#### [TASK BRIEF]
Copy each line below as it stands, but skip any picture it contains.

[Data excerpts]

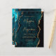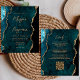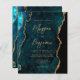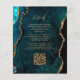 This elegant wedding invitation features a background image of teal blue watercolor agate trimmed with faux gold glitter. The customizable text combines gold-coloured modern handwriting, copperplate and italic fonts. The reverse side provides space for wedding details on a matching teal agate background, along with a QR code guests can scan to visit your website and RSVP, which saves the cost of printing and mailing separate RSVP cards.
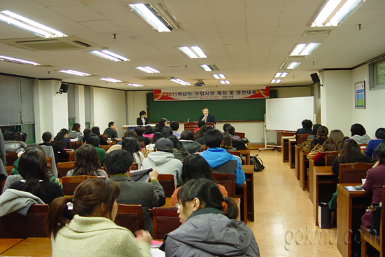 1일에는 2011 중등 임용 3차 시험의 출제위원인 이혜정(경북대학교 사범대학 부설고등학교 교사 겸 사범대 교육학 겸임교수) 교사가 연사로 초청돼 수업시연 특강을 진행했다. 이혜정 교사는 “수업안에는 수업목표와 주요 수업절차, 학습내용 등이 포함되어야 한다”며 수업 안의 구성과 형식에 대해 설명했다.
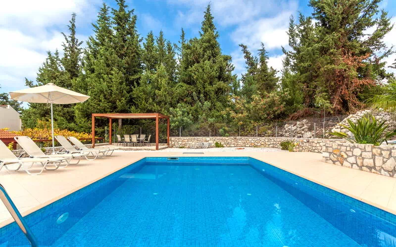 Den store have og de to smukke pools, eksklusivt for gæsterne i de tre lejligheder, vil gøre ferien afslappende og behagelig. Den større pool ligger højere end huset og har et stort område med solsenge og parasoller. Den mindre pool er en overjordisk pool, der ligger foran lejligheden med to soveværelser.
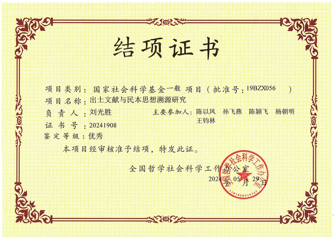 近日,由刘光胜研究员主持的孔子研究院国家社会科学基金一般项目《出土文献与民本思想溯源研究》顺利结项,并获得“优秀”等级。
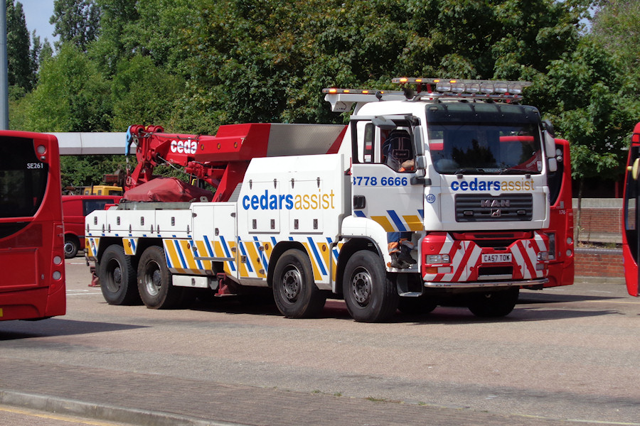 | Details: Some pretty impressive recovery trucks have featured on LTSV over the years, the biggest being those with four axles. Joining that elite is CA57TOW, Cedars Assist number 49, a MAN TG-A 35.400 8x4 with a 10-litre engine producing 394bhp and driven by 'Borris'. On 19th July 2018 it had been called to Eltham Bus Station to collect Go-Ahead London Enviro 200 bus number 176. Cedars are one of those 'modern' companies that don't see the need for capital letters. | |||
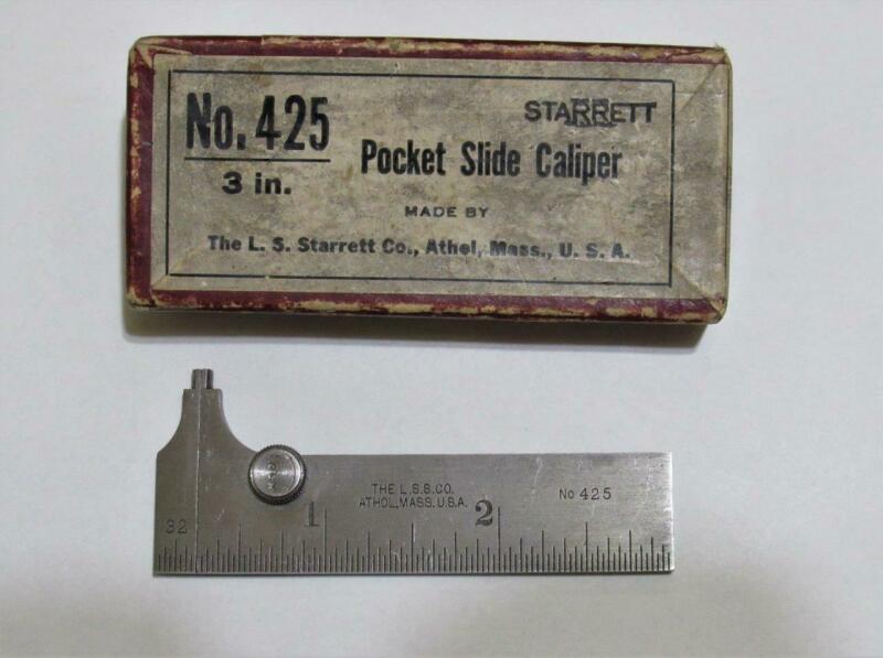 Starrett No. 425 rare 3" inch pocket slide caliper machinist tools tool with box
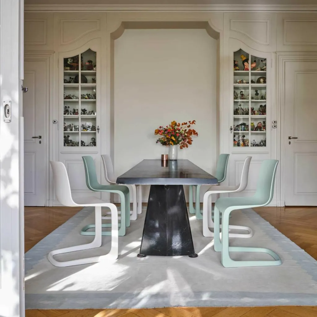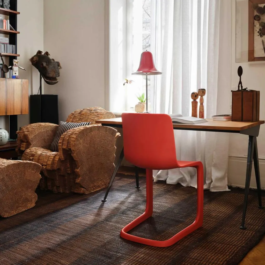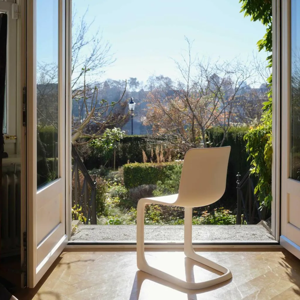 Der EVO-C Stuhl wurde von Jasper Morrison für die Marke Vitra entworfen. Der Aufbau ist deckungsgleich mit den legendären Freischwingern, die ab den 1920er Jahren für Furore sorgten. Der britische Designer verwendet jedoch nicht das traditionelle Material Stahlrohr, sondern Kunststoff.

#### [RESULT OF THE EXERCISE]
 This elegant wedding invitation features a background image of teal blue watercolor agate trimmed with faux gold glitter. The customizable text combines gold-coloured modern handwriting, copperplate and italic fonts. The reverse side provides space for wedding details on a matching teal agate background, along with a QR code guests can scan to visit your website and RSVP, which saves the cost of printing and mailing separate RSVP cards.
 1일에는 2011 중등 임용 3차 시험의 출제위원인 이혜정(경북대학교 사범대학 부설고등학교 교사 겸 사범대 교육학 겸임교수) 교사가 연사로 초청돼 수업시연 특강을 진행했다. 이혜정 교사는 “수업안에는 수업목표와 주요 수업절차, 학습내용 등이 포함되어야 한다”며 수업 안의 구성과 형식에 대해 설명했다.
 Den store have og de to smukke pools, eksklusivt for gæsterne i de tre lejligheder, vil gøre ferien afslappende og behagelig. Den større pool ligger højere end huset og har et stort område med solsenge og parasoller. Den mindre pool er en overjordisk pool, der ligger foran lejligheden med to soveværelser.
 近日,由刘光胜研究员主持的孔子研究院国家社会科学基金一般项目《出土文献与民本思想溯源研究》顺利结项,并获得“优秀”等级。
 | Details: Some pretty impressive recovery trucks have featured on LTSV over the years, the biggest being those with four axles. Joining that elite is CA57TOW, Cedars Assist number 49, a MAN TG-A 35.400 8x4 with a 10-litre engine producing 394bhp and driven by 'Borris'. On 19th July 2018 it had been called to Eltham Bus Station to collect Go-Ahead London Enviro 200 bus number 176. Cedars are one of those 'modern' companies that don't see the need for capital letters. | |||
 Starrett No. 425 rare 3" inch pocket slide caliper machinist tools tool with box
 Der EVO-C Stuhl wurde von Jasper Morrison für die Marke Vitra entworfen. Der Aufbau ist deckungsgleich mit den legendären Freischwingern, die ab den 1920er Jahren für Furore sorgten. Der britische Designer verwendet jedoch nicht das traditionelle Material Stahlrohr, sondern Kunststoff.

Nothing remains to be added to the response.